Nonostante sia solo il sesto giro, le C3 non accusano delle grandi differenze in termini di performance rispetto alla Media montata dai rivali, anzi, sono molto performanti. Tanto che dopo che tutti hanno effettuato il pit-stop, Verstappen si ritrova in testa al gruppo, anche davanti ad Antonelli. Ovviamente Kimi e Lando Norris hanno un passo gara migliore e non impiegano molto a superare l’olandese una volta montate le Hard nuove intorno al 27-28° giro. Max però resiste e resta a lungo in terza posizione. Almeno fino al giro 45, quando le sue gomme vanno in crisi e viene superato da Leclerc e Piastri. Successivamente perderà la posizione anche su Russell, ma non su Hamilton. Lewis ha condotto una gara anonima frutto del contatto avuto all’inizio con Gasly.
Leclerc invece stava per ottenere un discreto podio, ma gli attacchi di Piastri nel finale lo portano a commettere un errore, di cui si assumerà tutte le colpe e che lo farà scendere in P6 alle spalle di Verstappen. Con il senno di poi, prendendo atto della grande differenza di passo dovuta al degrado delle gomme, Verstappen avrebbe potuto effettuare un’altra sosta a metà gara. Forse non avrebbe cambiato troppo il risultato, ma gli avrebbe permesso di lottare un po’ più a muso duro con Russell.

Anche se Max non è riuscito a difendere quella che sarebbe stata per lui la quarta posizione, Verstappen può dire di essere il vincitore morale del confronto avuto con Russsell. Il pilota della Mercedes, nonostante le gomme sfinite dell'olandese, ha fatto davvero tanta fatica a sbarazzarsi di lui. Tant’è che i due giungono anche al contatto nel finale. George la spunta, ma il loro duello avrebbe dovuto avere un altro epilogo. Soprattutto per un pilota che dovrebbe essere in competizione per il titolo mondiale.

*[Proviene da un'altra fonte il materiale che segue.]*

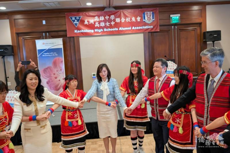 高雄女中學生與紀欽耀(右3)、David Hong(右1)及美洲雄友會會長許書怡(左1)一同體驗臺灣原住民文化舞蹈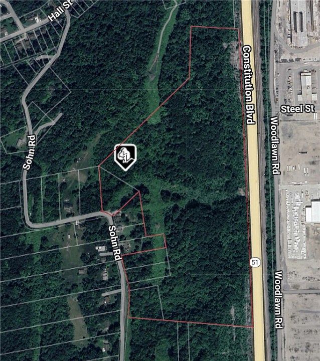 Just over 46 acres of land in Hopewell Township with over 2,000 feet of frontage on Constitution Blvd / Rt 51! Total of ~600 feet of frontage on Sohn Rd to the right of 1717 Sohn and to the left of 1721 Sohn. Property passed a perc test 15+ years ago. Great for recreational use or other possibilities. Oil and gas rights do not convey / previously sold. There's an overgrown path from Rt 51 that winds up the hill. Easier access from Sohn Rd.

Al termine della gara i commissari comminano 20'' di penalità a Leclerc per aver tagliato più volte la pista e 5'' a Verstappen per il taglio della linea bianca in uscita dalla pit lane. Penalità che confermano comunque Verstappen in 5° posizione e portano Leclerc in 8° alle spalle dell'ottimo Colapinto su Alpine. L'argentino sta crescendo.
Le parole del direttore motorsport Pirelli, Dario Marrafuschi: “La gara è stata molto lineare nonostante l’incertezza su possibili precipitazioni sia rimasta fino all’ultimo. L’unica vera variabile è stata la safety car al sesto giro. Verstappen ne ha approfittato per anticipare la sosta per differenziarsi dal resto del gruppo. Un fattore che, nel caso dell’olandese, sembra aver dato qualche frutto. Per il resto, tutti i piloti in griglia hanno scelto la flessibilità di montare le Medium alla partenza e sostituirle nella finestra da noi ipotizzata. Le temperature sono state più basse rispetto ai giorni precedenti e hanno ulteriormente ridotto il degrado dei pneumatici. Cosa che ha permesso a Verstappen di completare 51 giri sulla Hard".